Iran rejects Western pressures over its nuclear activities and will never give up its rights, Tehran’s chief nuclear negotiator said Thursday ahead of crunch talks with world powers in Baghdad next week.
“If we participate in the negotiations... it is because of our resistance (to Western powers). Thanks to our resistance, we have defended the rights of the Iranian people,” Saeed Jalili said in a speech broadcast on local television.
“The Iranian people will never give up even an iota of their rights,” Jalili added, in reference to the Islamic republic’s nuclear drive which the West suspects is masking a weapons program. Tehran vehemently denies the charge.
After a 15 month hiatus, Iran and the P5+1 powers- Britain, China, France, Russia and the United States plus Germany -held their first talks in Istanbul in mid-April, which were described as “positive.”
The parties agreed to more in-depth discussions in Baghdad on May 23.
“I advise Western officials against making calculated mistakes. In Baghdad, we can negotiate for cooperation on the basis of respect for Iran’s undeniable rights,” Jalili said.
“The path chosen by our country is a path of no return. The (West) would like to block Iran’s progress in the nuclear domain, but they have failed. Iran today has become a nuclear power,” he added.
“To those who say that time is running out for dialogue, I reply: What is running out is the policy of pressuring Iran, because this strategy has not yielded the results” expected by world powers.
The United States and the European Union have tightened economic sanctions on Iran, imposing tough restrictions on its vital oil industry, to pressure it over its disputed uranium enrichment program.
US President Barack Obama warned Iran in March that time was running out to resolve the standoff through diplomacy.
But Jalili was defiant on Thursday, insisting that sanctions and international pressure were not affecting Iran’s determination.
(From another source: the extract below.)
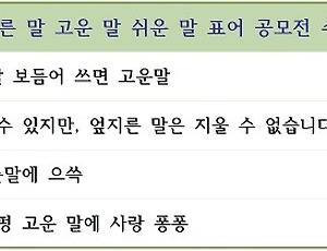 사랑방2583 희색만면하다 [아, 그 말이 그렇구나-107] 성기지 운영위원 희색만면하다 얼굴 가득히 기쁜 표정이 떠오르는 모습을 ‘희색이 만연하다’고 표현할 때가 있는데, 이는 바른 말이 아니다. ‘만연’은 “널리 뻗음” 또는 “번져서 퍼짐”이란 뜻을 지닌 낱말이다. 에는 “식물의 줄기가 널리 뻗는다는 뜻으로, 전염병이나 나쁜 현상이 널리 퍼짐을 비유적으로 이르는 말.”로 풀이하고 있다. 곧 “아카시아 뿌리가 만연하여 다른 나무가 자라지 못한다.”라고 할 때나, “전염병이 만연하다.”라고 표현할 때 쓰는 말이다. 여기에서 볼 수 있듯이, ‘만연’이 동사로 쓰이면, 나쁜 현상이나 전염병이 널리 퍼진다는 것과 같이 부정적인 구실을 하는 것을 알 수 있다. 곧 ‘만연하다’는 부정적인 뜻을 나타낼 때 쓰는 말이다. 그러나 희색은 ‘기뻐.. 2015. 10. 16. 양말과 호주머니 [아, 그 말이 그렇구나-106] 성기지 운영위원 양말과 호주머니 우리말에는 개화기 이후에 서양에서 들어온 물건에 ‘양(洋)-’을 붙여 이름을 지은 것이 많이 있다. 그 말들 가운데는 오랫동안 쓰이다보니까 마치 고유어처럼 느껴지는 것들이 있다. ‘양말’이란 말도 고유어가 아니라 한자말이다. 서양에서 버선과 비슷한 것이 들어오니까 버선을 뜻하는 ‘말’에 ‘양-’ 자를 붙여서 ‘양말’이라고 한 것이다. 물을 긷는 데 쓰는 질그릇 ‘동이’에 ‘양-’ 자를 붙여 ‘양동이’라 하였고, 서양에서 받아들인 잿물이라는 뜻으로 ‘양잿물’이라는 낱말을 만들어 써 왔다. 이 밖에도 ‘양배추, 양변기, 양송이, 양은냄비, 양재기, 양철, 양파’ 등 매우 많은 말들이 있다. 서양에서 온 물건에 ‘양-’을 붙인 것처럼, 중국에서.. 2015. 10. 16. 외국어 간판 '불법', 단속은 '쉬쉬' 2015.10.09.교통방송(tbs) 외국어 간판 '불법', 단속은 '쉬쉬' 2015.10.09.교통방송(tbs).류밀희 기자 graven56@tbstv.or.kr - 이건범 한글문화연대 대표 출연 2015. 10. 12. 제7회 바른 말 쉬운 말 표어공모전 선정 발표 제7회 바른 말 고운 말 쉬운 말 표어공모전 수상작을 아래와 같이 발표합니다. 수상한 네 분께 진심으로 축하드립니다. 그리고 아쉽게 수상은 하지 못했지만 표어공모전에 참여해주신 많은 분께도 고마운 마음을 전합니다. ■ 심사평 7회를 맞은 올해 '바른말 고운말 쉬운말 표어 공모전'은 지난해의 2배가 넘는 900여 명이 응모해 뜨거운 경쟁을 벌였다. 공모전 취지에 걸맞게 아름다운 말, 고운 말, 쉬운 말이 들어가는 표어가 많았다. 누리소통방(SNS)이나 문자 등에서 많이 쓰이는 신조어와 관련한 표어가 늘었다는 것도 특징이다. 그 가운데 최한경(경북예술고2) 양의 '다듬어 쓰면 쉬운말 보듬어 쓰면 고운말'이 문화체육관광부 장관 상인 으뜸상을 차지했다. 언어를 정제해 사용해야 한다는 의미를 담은 '다듬다' '보.. 2015. 10. 9. 제1회 국어소통능력시험 응시료 입금자 "박재진"님을 찾습니다. 제1회 국어소통능력시험 응시료를 "박재진"이라는 이름으로 입금한 분을 찾습니다. 해당하는 분은 070-7807-5084 로 전화해주시기 바랍니다. 제1회 국어소통능력시험 응시자 명단에 "박재진"과 같은 이름의 응시자가 없어서 시험 응시 접수처리를 하지못하고 있습니다. 연락이 안되면 시험 응시 접수가 되지 않고 수험표를 받지 못해 시험을 볼 수 없으니 꼭 070-7807-5084 로 전화해주시기 바랍니다. 2015. 10. 6. 희극인에서 ‘우리말 지킴이’로 변신한 한글문화연대 공동 대표 정재환씨/농민신문2015.10.05. 농민신문(2015년 10월 5일) http://www.nongmin.com/article/ar_detail.htm?ar_id=256044&subMenu=articletotal 2015. 10. 6. 대한민국 공무원 김혜선과 한글날-이건범 한글문화연대 대표/서울신문2015.10.06. 대한민국 공무원 김혜선과 한글날 이건범 한글문화연대 대표 모처럼 단맛의 휴식이 찾아온 지난달 5일 토요일 아침 오랜만에 문화체육관광부 김혜선 과장에게서 문자를 받았다. 그가 국어정책과를 떠난 직후부터 1년 가까이 교육부의 초등 교과서 한자병기 방침과 싸우느라 난 그에게 문자 한 번 보낼 틈이 없었다. 때마침 전날 공청회에서 이 방침을 유보하겠다는 교육부의 공식 답변이 나온 터라 그가 축하 문자를 보냈나 싶었다. 하지만 나의 짐작과 달리 부고였다. 그런데 좀 이상했다. 누가 세상을 떠났는지 얼른 파악하기 어려운 알림이었다. 갑자기 몸이 오싹해졌다. 허둥지둥 여기저기 전화를 돌려 확인해 보니 불길한 느낌대로 그가 돌연 암으로 세상을 떠난 것이었다. 이제 겨우 마흔두엇의 나이인데. 김혜선. 그가 국어정책과장으.. 2015. 10. 6. 가장비와 거위영장 [아, 그 말이 그렇구나-105] 성기지 운영위원 가장비와 거위영장 살아가면서 다른 사람으로부터 여러 가지 상처를 받기도 하고, 때로는 미워하는 마음을 갖기도 한다. 요즘엔 사람이 미울 땐 욕이나 험담을 하는 게 보통이지만, 우리 선조들은 이럴 때에 상대방에게 ‘놀림말’을 함으로써 마음을 풀었다. 놀림말은 상대방의 약점을 잡아 놀리거나 흉을 볼 때 쓰는 말인데, 비속어나 욕설과는 달리 남을 저주하는 뜻이 없고 말 자체가 비속하지도 않으며, 언어 유희적인 성격이 더 강하다. 가령, 생김새나 행동이 거친 사람을 ‘가장비’(; 장비를 
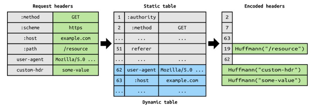 HPACK방식은, 헤더 정보를 Header Table로 관리하여 중복된 헤더는 인덱스 값만 전송하고, 새롭게 추가되거나 변경된 헤더는 Huffmann 인코딩이 되어 전송하는 방식을 말한다.

“Those who think they can pressure Iran with these sanctions are wrong... because the sanctions have allowed us to make progress,” he said.
He argued that the conditions imposed on Iran at talks in Geneva in 2009 for the delivery of uranium enriched to 20 percent for its Tehran research reactor had in fact forced it to produce the nuclear fuel itself.
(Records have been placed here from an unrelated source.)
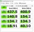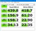 | 開封後使用開始前に測定 | フリーソフトでFAT32にフォーマットしてから測定 | CrystalDiskMarkでは、メーカー公称値を上回るスコアをマーク | AS SSD Benchmarkは相変わらず辛口なスコアだが、極端な落ち込みは見られなかった |
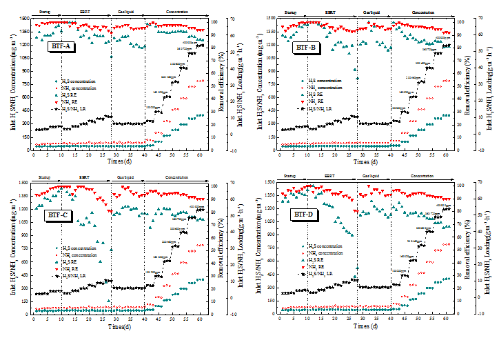 中国科学院成都生物研究所污染生物治理项目组研究生宦臣臣在吕青阳博士、闫志英研究员的指导下,以混合营养条件为基础,采用松树皮、煤渣、秸秆和移动床生物膜反应器(MBBR)作为填料,同时处理高浓度的H2S和NH3混合废气。结果表明,在H2S和NH3的进气负荷为53.59 g/m3·h,空床停留时间(EBRT)为40.5 s的条件下,以松树皮为填料的BTF-A去除率最高,分别为86.31%和94.06%。通过动力学曲线拟合得到理论最大负荷为90.09 g H2S m-1·h-1和172.41g NH3 m-3·h-1。同时,当NH3的进气浓度为720ppm时,BTF循环液中NO3-平均浓度仅为127.58 mg/L,二次污染物控制效果较好。对反应器中微生物分析发现,Dokdonella、Micropruina、Candidatus_Alysiosphaera、Nakamurella和Thiobacillus在属水平上具有较高的丰度,在4个BTF反应器中的整体比例分别为62.87%、46.32%、47.98%和57.35%。值得注意的是,在4个反应器中,具有HN-AD功能的菌株Comamonas和Trichococcus的占比分别为3.66%、1.45%、5.43%和3.23%。研究成果为生物滴滤反应器(BTF)在混合营养条件下有效去除恶臭气体提供了理论和实践依据。
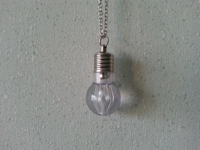 Įdomus, žaismingas pakabukas. Pasukus pakabuko lemputė šviečia. : ) Lemputė plastikinė.
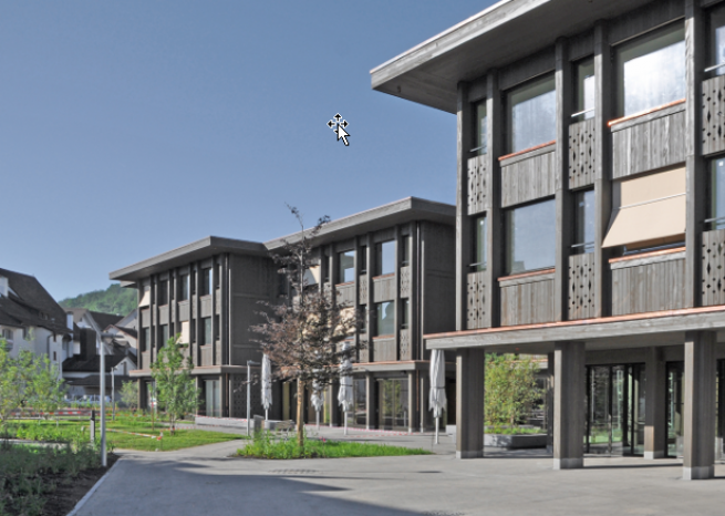 Das neue Generationenhaus liegt am Rande des historischen Ortskerns von Bad Zurzach. Durch die differenzierte Staffelung verzahnt sich das Haus mit dem Park und verleiht ihm, in Anlehnung an die typischen Hinterhäuser des ehemaligen Marktfleckens, einen pavillonartigen Ausdruck. Trotz des umfangreichen Raumprogrammes gelingt es den Architekten, im historischen Ortsbild ein ausgewogenes Gebäude gegenüber dem Verenamünster einzufügen.

“We told them: ‘If you do not give us the fuel, we will produce it ourselves.’ I will never forget the smiles from certain members of the P5+1.
“But in less than two years we produced the fuel, and we are using it today.”
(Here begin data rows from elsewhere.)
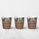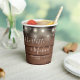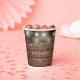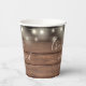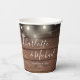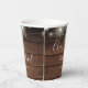 Elegant rustic wedding paper cup personalized with signature style names and your special wedding date on a string lights and wood panels background. Designed by Thisisnotme©
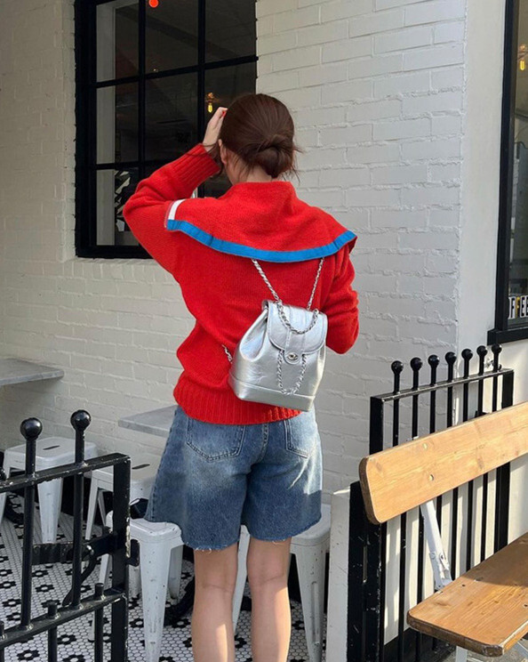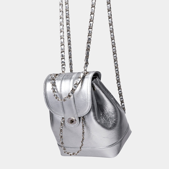韓国 おしゃれ ミニサイズ 巾着バッグ オフィスカジュアル リュック レディース チェーンバッグ 肩掛け 通勤 通学 シルバー
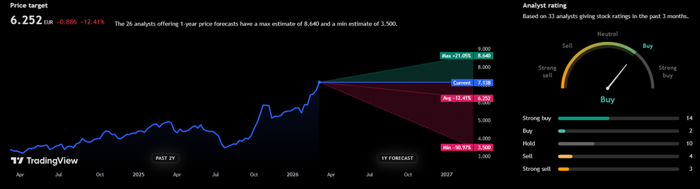 Tavoitehintojen keskiarvo on ollut viime aikoina nousussa, markkinan mukana. Ennen Nvidia -uutista keskiarvo oli 5,15 €, joulukuussa puolestaan 5,82 € ja nyt ihan viimeisen viikon aikana ollaan saavutettu uusi targethuippu.
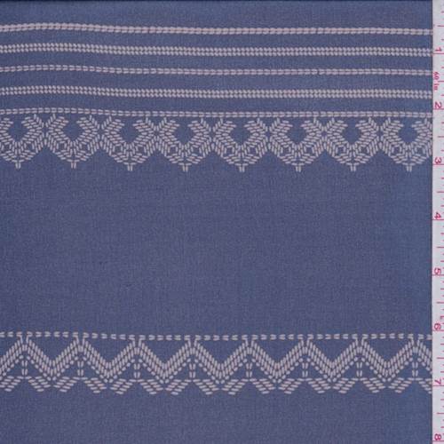 3 1/4 YD PC-Denim Blue/Taupe Stitch Silk Chiffon Fabric

Iran currently enriches uranium to 3.5 percent and to 20 percent. The former it says is to power its Bushehr nuclear electricity plant and the latter it says is to generate medical isotopes in its Tehran research reactor.
Uranium has to be enriched to 90 percent or above for use in an atomic bomb.
Several Iranian officials have in recent weeks hinted that Tehran may under certain conditions suspend its drive of enriching uranium to the 20 percent level.
Tehran says it wants international acceptance of its right to peaceful nuclear activities, for sanctions to be lifted and for the threat of U.S. and Israeli military action to disappear.